** SUPPLIED INFORMATION follows **

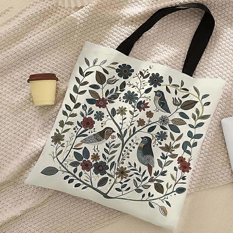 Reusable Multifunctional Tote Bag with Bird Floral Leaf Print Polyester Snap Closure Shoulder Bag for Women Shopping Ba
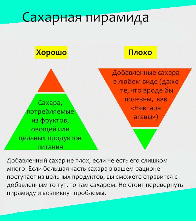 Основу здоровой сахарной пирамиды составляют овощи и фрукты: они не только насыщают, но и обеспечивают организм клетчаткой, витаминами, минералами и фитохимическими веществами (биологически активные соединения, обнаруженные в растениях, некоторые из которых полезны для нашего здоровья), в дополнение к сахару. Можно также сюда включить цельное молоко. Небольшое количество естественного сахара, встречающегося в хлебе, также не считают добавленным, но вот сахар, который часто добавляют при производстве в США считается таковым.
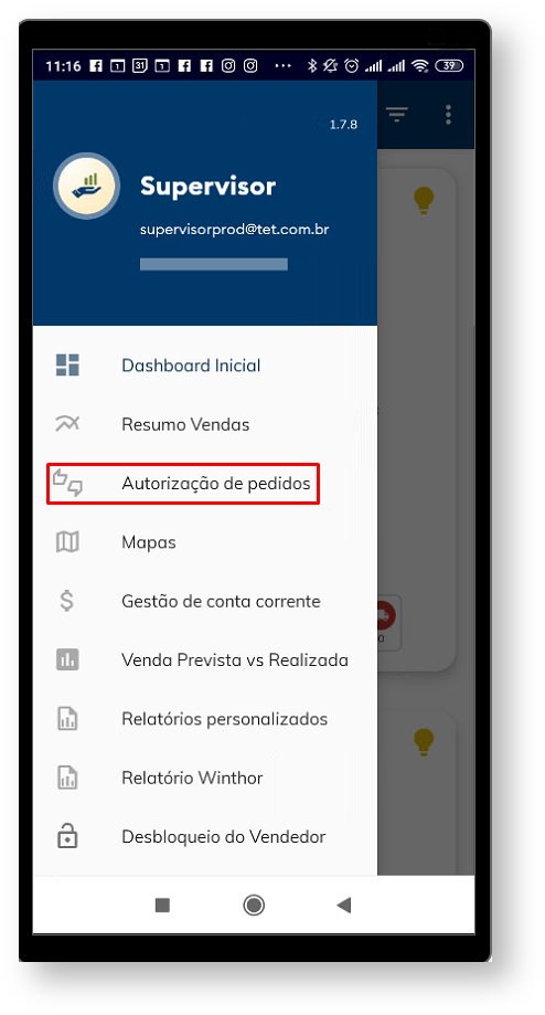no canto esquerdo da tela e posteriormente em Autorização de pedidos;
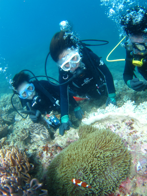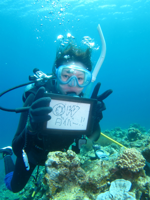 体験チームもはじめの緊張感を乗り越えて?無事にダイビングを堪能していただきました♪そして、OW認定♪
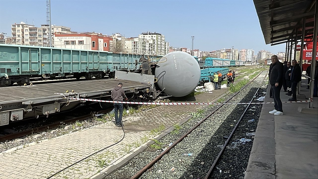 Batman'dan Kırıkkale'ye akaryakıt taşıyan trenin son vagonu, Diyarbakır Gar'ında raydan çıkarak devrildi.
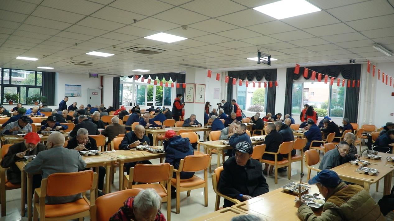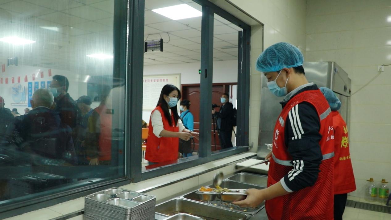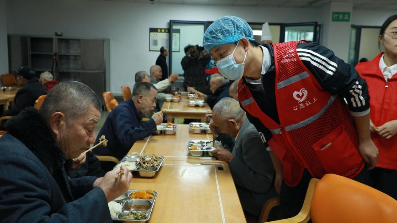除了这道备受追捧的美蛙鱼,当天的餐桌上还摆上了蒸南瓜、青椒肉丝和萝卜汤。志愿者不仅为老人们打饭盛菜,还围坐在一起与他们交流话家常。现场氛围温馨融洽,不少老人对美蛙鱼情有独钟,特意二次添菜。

** End of SUPPLIED INFORMATION **

YOUR ASSIGNMENT
Exactly what appears in the records above must be returned, apart from the pictures.

RESULT FOR THIS TASK
 Reusable Multifunctional Tote Bag with Bird Floral Leaf Print Polyester Snap Closure Shoulder Bag for Women Shopping Ba
 Основу здоровой сахарной пирамиды составляют овощи и фрукты: они не только насыщают, но и обеспечивают организм клетчаткой, витаминами, минералами и фитохимическими веществами (биологически активные соединения, обнаруженные в растениях, некоторые из которых полезны для нашего здоровья), в дополнение к сахару. Можно также сюда включить цельное молоко. Небольшое количество естественного сахара, встречающегося в хлебе, также не считают добавленным, но вот сахар, который часто добавляют при производстве в США считается таковым.
no canto esquerdo da tela e posteriormente em Autorização de pedidos;
 体験チームもはじめの緊張感を乗り越えて?無事にダイビングを堪能していただきました♪そして、OW認定♪
 Batman'dan Kırıkkale'ye akaryakıt taşıyan trenin son vagonu, Diyarbakır Gar'ında raydan çıkarak devrildi.
除了这道备受追捧的美蛙鱼,当天的餐桌上还摆上了蒸南瓜、青椒肉丝和萝卜汤。志愿者不仅为老人们打饭盛菜,还围坐在一起与他们交流话家常。现场氛围温馨融洽,不少老人对美蛙鱼情有独钟,特意二次添菜。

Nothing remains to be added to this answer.